Add CSV loader

Lin-jun-xiang · Lin-jun-xiang · commit 7fd30f9f37b9 · 2023-09-28T14:44:45.000+08:00
diff --git a/README.md b/README.md
@@ -5,8 +5,9 @@
 
 [English](./README.md) | [中文版](./README.zh-TW.md)
 
-Welcome to the `docGPT` User Guide. This guide will take you through the features and usage of docGPT, and walk you through building your own application.
+Free `docGPT` allows you to chat with your documents (`.pdf`, `.docx`, `.csv`), without the need for any keys or fees.
 
+Additionally, you can deploy the app anywhere based on the document.
 
 - Table of Contents
     - [Introduction](#introduction)
@@ -26,7 +27,7 @@ If you like this project, please give it a ⭐`Star` to support the developers~
 
 ### 📚Introduction
 
-* Upload a Document link from your local device (`.pdf` or `.docx`) and query `docGPT` about the content of the Document. For example, you can ask GPT to summarize an article.

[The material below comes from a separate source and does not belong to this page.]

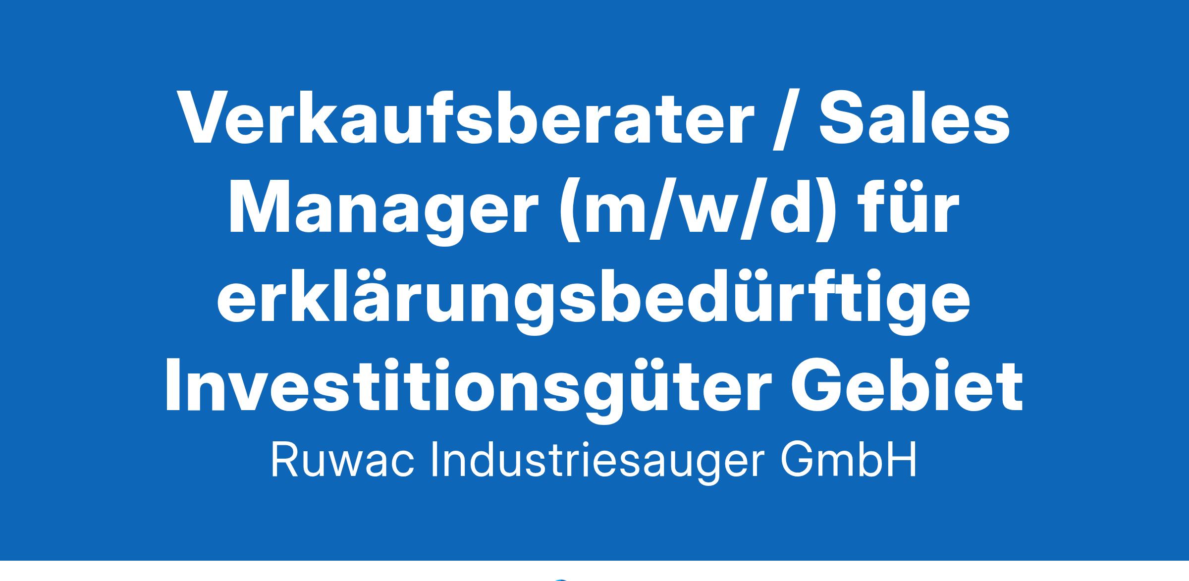 Verkaufsberater / Sales Manager (m/w/d) für erklärungsbedürftige Investitionsgüter Gebiet: Mittelhessen / Mittelrhein / Südeifel Der Fokus Deiner abwechslungsreichen Tätigkeit liegt in der eigenständigen Betreuung Deines Verkaufsgebietes. Du berätst Kunden und akquirierst Neukunden im Außendienst. Unterstützt wirst Du dabei durch unser CRM-System und unseren Innendienst. Deine Aufgaben Betreuung des bestehenden Kundenstammes sowie die Gewinnung neuer Interessenten/Kunden Beratung der Kunden beim Einsatz unserer Industriesauger und Absauganlagen in Verbindung mit der Erarbeitung kundenspezifischer Lösungen Erstellung und Verfolgung von Angeboten Beteiligung an Messen und Kundenevents Verkauf nicht aus dem Katalog heraus, Vorführungen und Einweisungen der Geräte beim Kunden sind essenzieller Bestandteil Deiner Arbeit Dein Profil Abgeschlossene kaufmännische und/oder technische Ausbildung Mehrjährige Erfahrung im Vertrieb von technischen Produkten Souveränes Auftreten Flexibilität und Teamfähigkeit Ausgeprägte Kontakt- und Überzeugungsstärke Idealerweise Wohnort im Verkaufsgebiet Wir freuen uns über deine Bewerbung per Mail an bewerbung@ruwac.de UNSER UNTERNEHMEN "Wir saugen alles!" – Unser Anspruch ist es, für jeden Bedarf die passende Lösung zu finden. Und dann einfach die besten Sauger der Welt zu bauen. Was so simpel klingt, ist das Ergebnis jahrzehntelanger Erfahrung und absoluter Kompromisslosigkeit bei der Qualität. Schließlich sind wir seit fast 50 Jahren dabei! Heute zählen Ruwac Industriesauger weltweit zum Zuverlässigsten, was im Bereich der mobilen und stationären Absauganlagen zu haben ist. WIR BIETEN DIR U.A.: FLACHE HIERARCHIEN FIRMENEVENTS BIKELEASING CORPORATE BENEFITS Ruwac Industriesauger GmbH www.ruwac.de +49 (0) 52 26 - 98 30-0

+* Upload a Document link from your local device (`.pdf`, `.docx`, `.csv`) and query `docGPT` about the content of the Document. For example, you can ask GPT to summarize an article.
 
 * Provide two models:
   * `gpt4free`
@@ -46,7 +47,7 @@ If you like this project, please give it a ⭐`Star` to support the developers~
 
 - **`gpt4free` Integration**: Everyone can use `docGPT` for **free** without needing an OpenAI API key.
 - **Support docx, pdf file**: Users can upload PDF or Word file.
-- **Direct Document URL Input**: Users can input Document `URL` links for parsing without uploading `.pdf` or `.docx` files.
+- **Direct Document URL Input**: Users can input Document `URL` links for parsing without uploading `.pdf`, `.docx` or `.csv` files.
 - **Langchain Agent**: Enables AI to answer current questions and achieve Google search-like functionality.
 - **User-Friendly Environment**: Easy-to-use interface for simple operations.
 
@@ -92,7 +93,7 @@ Through LangChain, you can create a universal AI model or tailor it for business
    - `SERPAPI API KEY`: Required if you want to query content not present in the Document.
 
 3. 📁Upload a Document file (choose one method)
-    * Method 1: Browse and upload your own `.pdf` or `.docx` file from your local machine.
+    * Method 1: Browse and upload your own `.pdf`, `.docx` or `.csv` file from your local machine.
     * Method 2: Enter the Document `URL` link directly.
 
 4. 🚀Start asking questions!
diff --git a/README.zh-TW.md b/README.zh-TW.md
@@ -4,7 +4,9 @@
 
 [English](./README.md) | [中文版](./README.zh-TW.md)
 
-歡迎來到 `docGPT` 使用指南。本指南將帶您深入了解 `docGPT` 的功能和用法，並讓您親自搭建一個屬於自己的應用程式。
+免費的`docGPT`允許您與您的文件 (`.pdf`, `.docx`, `.csv`) 進行對話，無需任何金鑰或費用。
+
+此外，您也可以根據該文件操作，將程序部屬在任何地方。
 
 - 目錄
     - [Introduction](#introduction)
@@ -24,7 +26,7 @@
 
 ### 📚Introduction
 
-* 上傳來自本地的 Document 連結 (`.pdf` or `.docx`)，並且向 `docGPT` 詢問有關 Document 內容。例如: 您可以請 GPT 幫忙總結文章
+* 上傳來自本地的 Document 連結 (`.pdf`, `.docx`, `.csv`)，並且向 `docGPT` 詢問有關 Document 內容。例如: 您可以請 GPT 幫忙總結文章
 * 提供兩種模型選擇:
   * `gpt4free`
     * **完全免費，"允許使用者在無需輸入 API 金鑰或付款的情況下使用該應用程序"**
@@ -43,7 +45,7 @@
 
 - **`gpt4free` 整合**：任何人都可以免費使用 GPT4，無需輸入 OpenAI API 金鑰。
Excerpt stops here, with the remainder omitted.